The applause flowed following question after question; the applauding wasn’t a reception for a thoughtful, insightful, or clever answer from the lot of executives gathered on stage but rather served as a barometer of the spitefulness of the question asked. A shareholder who took the microphone near the stage wished the CEO well, but remained “very critical” of the direction he was taking the company was met with a bout of particularly thunderous applause.
Welcome to the Research in Motion annual general meeting.
In the midst of the shareholding many gathered in an auditorium at Wilfred Laurier University was Mike Lazardis, a founder of RIM and former co-CEO. Mr. Lazaridis’ seat in the crowd, and not with the executives on stage, is a testament to the company’s downward direction over the last year: RIM’s shares have dropped nearly 90% over the last 18 months while its market share has been cannibalized by the likes of Apple and Android.
This reactionary shakeup, which saw the departure of co-CEOs Mike Lazaridis and Jim Balsillie, installed Thorsten Heins as CEO with board member Barbara Symiest assuming the position of chair of the board, which the ex-co-CEOs vacated.
Mr. Heins’ first big showing was in May at Blackberry World where he launched the Blackberry 10 OS.
In early July RIM announced that this device was to be delayed until 2013.
At the meeting, Ms. Stymiest did her best to quell frustration and marshall shareholders, while assuring the assembled crowd that the company’s board remains “very supportive” of Mr. Heins and his executive team.
“We believe the company’s executive team is well positioned to lead the company forward to face its current challenges and pursue the opportunities that lie ahead,” Ms. Stymiest said.
Although some analysts were expecting something of a coup-de-AGM from shareholders at the meeting, resistance was largely muddled and confined to activist investment firm Jaguar Financial.
Vic Alboini, CEO of Jaguar Financial, believes that RIM’s future lies in dividing the company up into separate entities.
“[The board] has to look at a break-up for the company into the handset business and the software and services platform, and a potential sale of either or both or private placement funding investments by giant competitors like Microsoft, IBM, or Facebook, “ Mr. Alboini told reporters.
“That will save the company,” he concluded.
The big surprise of the AGM wasn’t the instillation of a new board — as the previous board was re-elected — but the remarks given by CEO Thorsten Heins after he assured investors Blackberry 10 was on track.
Mr. Heins assured shareholders that RIM is working “around the clock” to ensure that it gets Blackberry 10 right. This was followed by a promise to cut costs, and streamline production, while building a device that tackles both QWERTY and the full touch screen experience.
“Blackberry already owns the QWERTY experience,” Mr. Heins said. “But we need more work on the full touch-screen experience.”
“I will not deliver a platform to market that is not ready to meet the needs of our customers,” he continued. “There will be no compromise.”

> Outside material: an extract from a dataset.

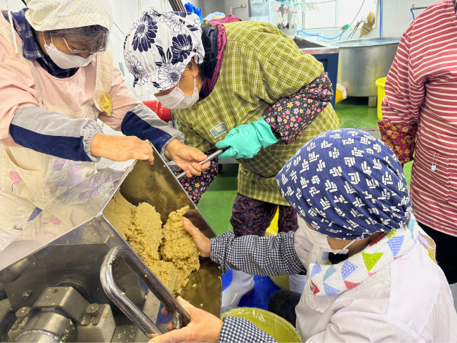 コロナ禍前は「じゅんあい味噌」という商品名でAコープや直売所で販売もしており根強いファンもいたが、近年では部員減少や高齢化により店舗販売分を作るのが難しくなったため、部員や地域の人からの依頼分の約450㎏を作りました。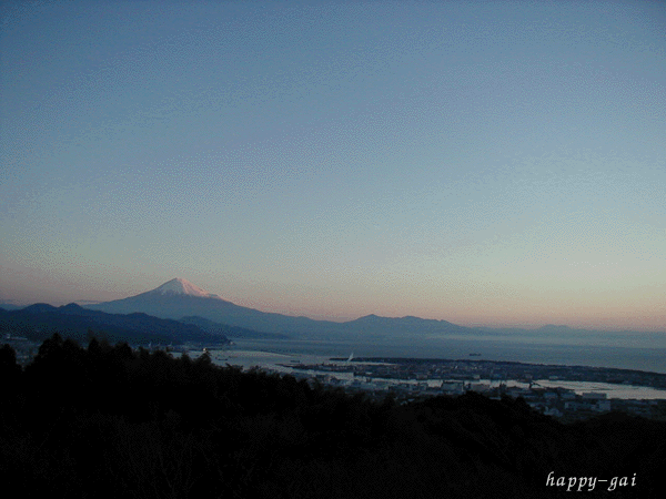 今朝も穏やかな朝であった。雲もなく、風もない。日の出を見た。気持ちがいい。今日の富士山は、日の出直後。清水港を望み、愛鷹山を従えて。

“I am not satisfied with the performance of the company over the past year.”
Tags: Blackberry 10, RIM
I think the CEO is useless. Keeps saying “nothing has to change”, “we’re doing fine”, “we’ll do fine”. The CEO is being paid way too much to deliver lip-service and broken promises. The CEO has to explain what RIM will do to attract consumers. “Wait for BlackBerry 10″ is saying nothing useful to consumers.
If anything, RIM has just shown the world why it is failing. All the “Changes” have done nothing but institute “More of the same” policies and will ensure a continued downward spiral of this once great company. Even if BBOS 10 turns out to be great, what are RIM’s plans to win back all those lost customers who have migrated to more well established and equally appealing platforms?
RIM let me put this as clearly as I can, no one is waiting! To make it worse all existing customers even with recently released handsets, the Torch for example, will be left out of BBOS10 further alienating your user base.
By the time BBOS10 is released it will have to compete with the likes of IOS6, Windows 8 Mobile & Android 5. Not to mention all the advanced handsets that are and continue to be released at a blistering pace specially in the Android powered environment.
“I will not deliver a platform to market that is not ready to meet the needs of our customers,” he continued. “There will be no compromise.” Nice statement but by the time RIM finally releases a desirable product, what customers will be left? Without an aggressive strategy to pull them back in RIM is dead in the water, if it isn’t already.